From a partial side view, one person couldn't tell if it was a minivan or crossover.

When in reverse, one witness asked if it was electric because it was so quiet.

From the back seat, the 10-year old said, "I like how everything fits."

After driving nearly 1,000 mountainous miles in the Colorado Rockies, I had to agree.

The Pacifica handles like a crossover, looks more button-down yet still has two sliding doors, a built-in entertainment system, a high ceiling and a low floor, with a tall, wide rear that enables it to excel at what it was meant to do: haul people-and things-in comfort.

The difference is that the minivan has never been this good.

Just like the first time, Chrysler has built the Pacifica on an all-new platform not shared by any other Fiat Chrysler automobile.

It has a wider wheelbase and is 250 pounds lighter than the outgoing model, thanks primarily to lighter doors and liftgate. The tester came with 18-inch wheels ($895) and lower-profile all-season tires, which make it appear to be able to handle mountain back roads-ground clearance be hanged!

It can't, it's not meant for that and for now it comes only in front-wheel drive. "We're always open to feedback from our customers and would consider (all-wheel drive) in our future," Pacifica rep Angela Bianchi said.

Bring it. Snow tires will handle dicey terrain better than AWD, but who wants to be switching tires twice a year when the kids' schedule takes no break. Ever.

The Pentastar V-6 provides plenty of pep from a stop, letting certain drivers squeal away from family functions and hot-date drop-offs.

It steers like a minivan, wide and boatish, but the nose tucks into turns more like a sedan than a minivan.
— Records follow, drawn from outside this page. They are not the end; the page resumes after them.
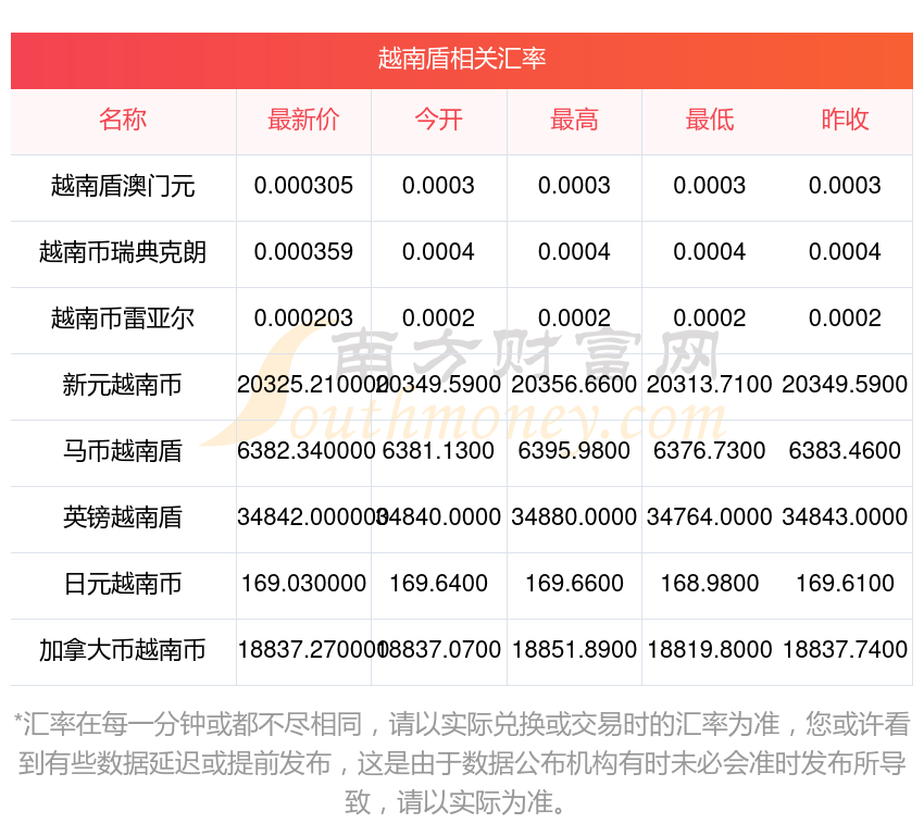 根据2025年12月2日汇率计算,VND兑换MAD汇率最新价0.000351:今开价0.0004,昨收价0.0004,最高价0.0004,最低价0.0004。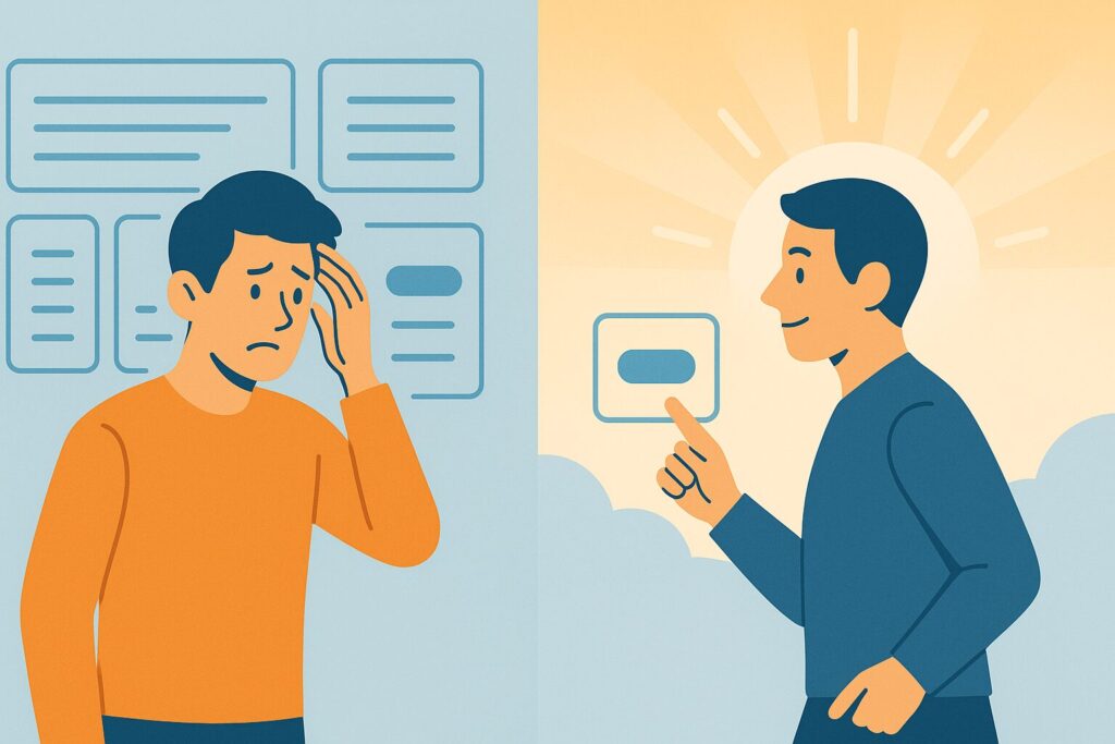 「メニューが多すぎる」「ボタンが並びすぎている」と、ユーザーは一瞬で疲れて離脱します。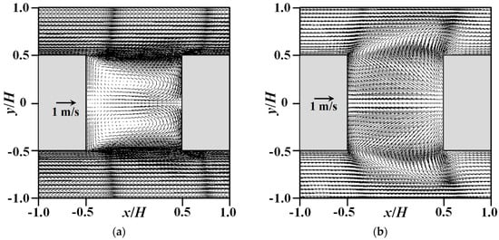Figure 7 illustrates the mean velocity vectors in a horizontal plane at half building height (z/H = 0.5), and in a horizontal plane at the ground level (z/H = 0.1) of the TSC (GH-30). From Figure 7a, when air entered the street canyon from the side surfaces, except for the small part of air leaving the street canyon at the corners, most of the air flowed toward the inner area owing to the impinging effect of the windward wall; this formed a recirculation region inside the street canyon. Air leaving the street canyon from the side surfaces is clearly illustrated in Figure 7b at the ground level; this disturbed the flow in the passageways. These flow structures are quite similar to the CFD results obtained by Kim and Baik [] in their unsteady simulations using the RANS model. Figure 6 and Figure 7 together clearly reveal that air entered the street canyon from the top surface and upper area of the side surfaces, and flowed out of the street canyon from the lower part of the side surfaces. Figure 8 shows the distributions of normalized mean streamwise velocity in a vertical centerline of the TSC. The experiments obtained by Uehara et al. [] for different unstable thermal stratifications are also presented herein as references. Clear strong reverse flow was observed in the lower part of the street canyon for stronger ground heating cases in the CFD results, a tendency similar to that observed in the experiments conducted by Uehara et al. []. Cheng and Liu [] derived the same conclusions in their simulations of 2D street-canyon flows. The discrepancy between the current CFD results and the experiments conducted by Uehara et al. [] may arise from the different inflow conditions, different scales, and different block arrangements. Another factor may be the inaccuracy of the RANS model for full-scale simulations. According to the study by Chew et al. [], it has the possibility that the performances of the RANS models become inaccurate for full-scale simulations in some cases, such as windward wall heating.

While an atlas is always better than vehicle navigation on road trips, the UConnect system and the 7-inch vehicle information display make for simple navigation of the world inside the car. We napped, ate, ogled scenery, changed outfits, stowed camping gear alongside civilized togs and otherwise lived in the Pacifica for nearly
a week.

Though we didn't need to flip the awesomely clever Stow 'n Go second- and third-row seats into the floor to haul bedroom sets or sheets of drywall on the converted flat bed, the kids were able to figure out how to do it if the
need arose.

In fact, unlike so many of the camping tasks (kids will ask where to get wood in a forest), the grade schoolers were able to handle all those minivan functions by themselves, including uncovering one of the free apps that teaches U.S. state geography via license plates passed on the road.

The Pacifica makes parenting easier, which makes life better. And that, my college friends, is something worth betting on.